Full Changelog: v0.4.1...v0.4.2

v0.4.1¶

Released on 2023-07-19 - GitHub - PyPI

v0.4.1 Release Notes

Bugfix: Adds packaging as a dependency for Minari in #121.

v0.4.0¶

Released on 2023-07-19 - GitHub - PyPI

v0.4.0 Release Notes

Important changes from this PR include the move away from observation and action flattening, the move to explicitly and fully support Dict, Tuple, Box, Discrete, and Text spaces, and the move to explicit dataset versioning. Additionally, we have added support for using a subset of an environment's action/observation spaces when creating a dataset.

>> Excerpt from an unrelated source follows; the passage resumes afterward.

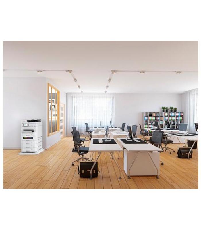 La Epson WorkForce Pro EM-C8101RDWF es una impresora multifunción color A3 diseñada para entornos profesionales con altos volúmenes de trabajo. Gracias a su tecnología PrecisionCore Heat-Free y al sistema Replaceable Ink Pack System (RIPS), ofrece impresión, copia, escaneo y fax con gran eficiencia, rapidez y bajo mantenimiento. Es una solución ideal para oficinas, departamentos administrativos y empresas que necesitan productividad constante y conectividad avanzada.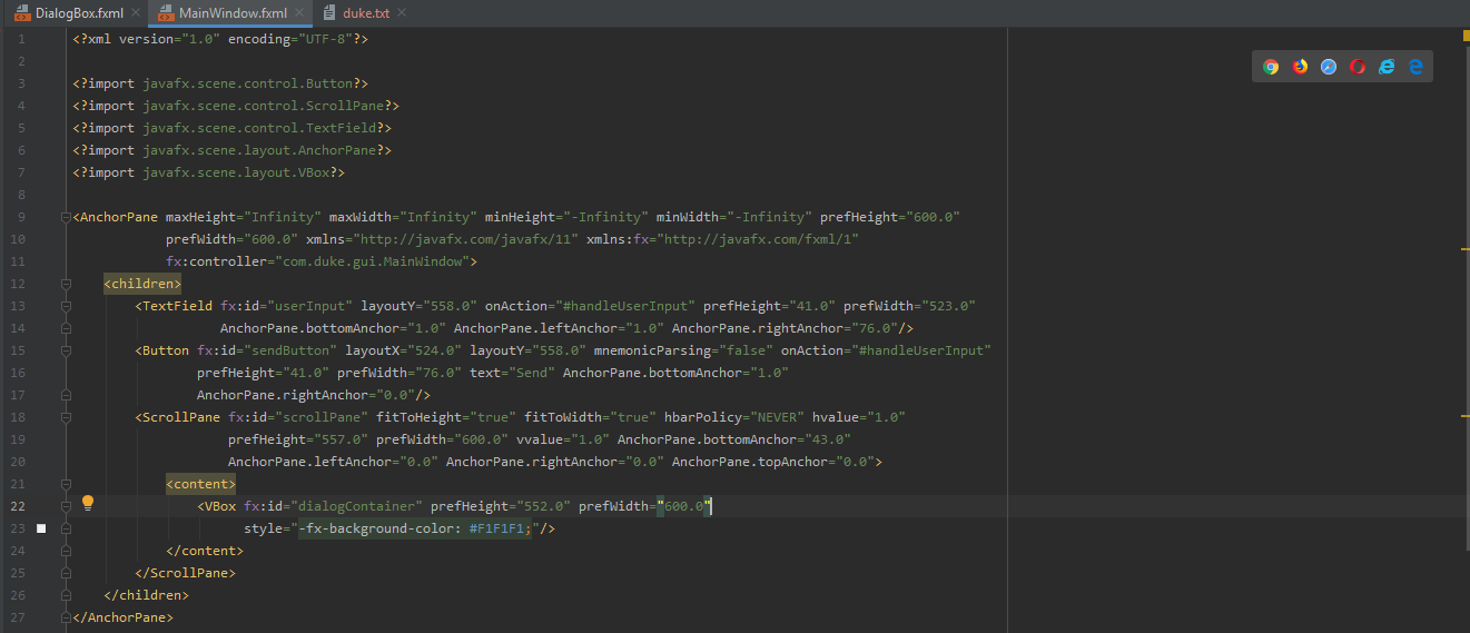 Join LiveJournal Password requirements: 6 to 30 characters long; ASCII characters only (characters found on a standard US keyboard); must contain at least 4 different symbols; JavaFX Controller | Learn How Does FXML Controller Work in ... Explanation: First, we have created an FXML file with HBox, Label, and TextFields and imported them with their packages. Next, we have created a Controller class and load the FXML file.

Finally, we have released new versions of each dataset to make them compliant with our new dataset format. This includes all the changes listed in the "Dataset Updates" section of the release notes.

We have two new tutorials:

Unflattened `Dict` and `Tuple` space support

The following exerpt from our documentation shows how unflattened gymnasium.spaces.Dict and gymnasium.spaces.Tuple are now supported.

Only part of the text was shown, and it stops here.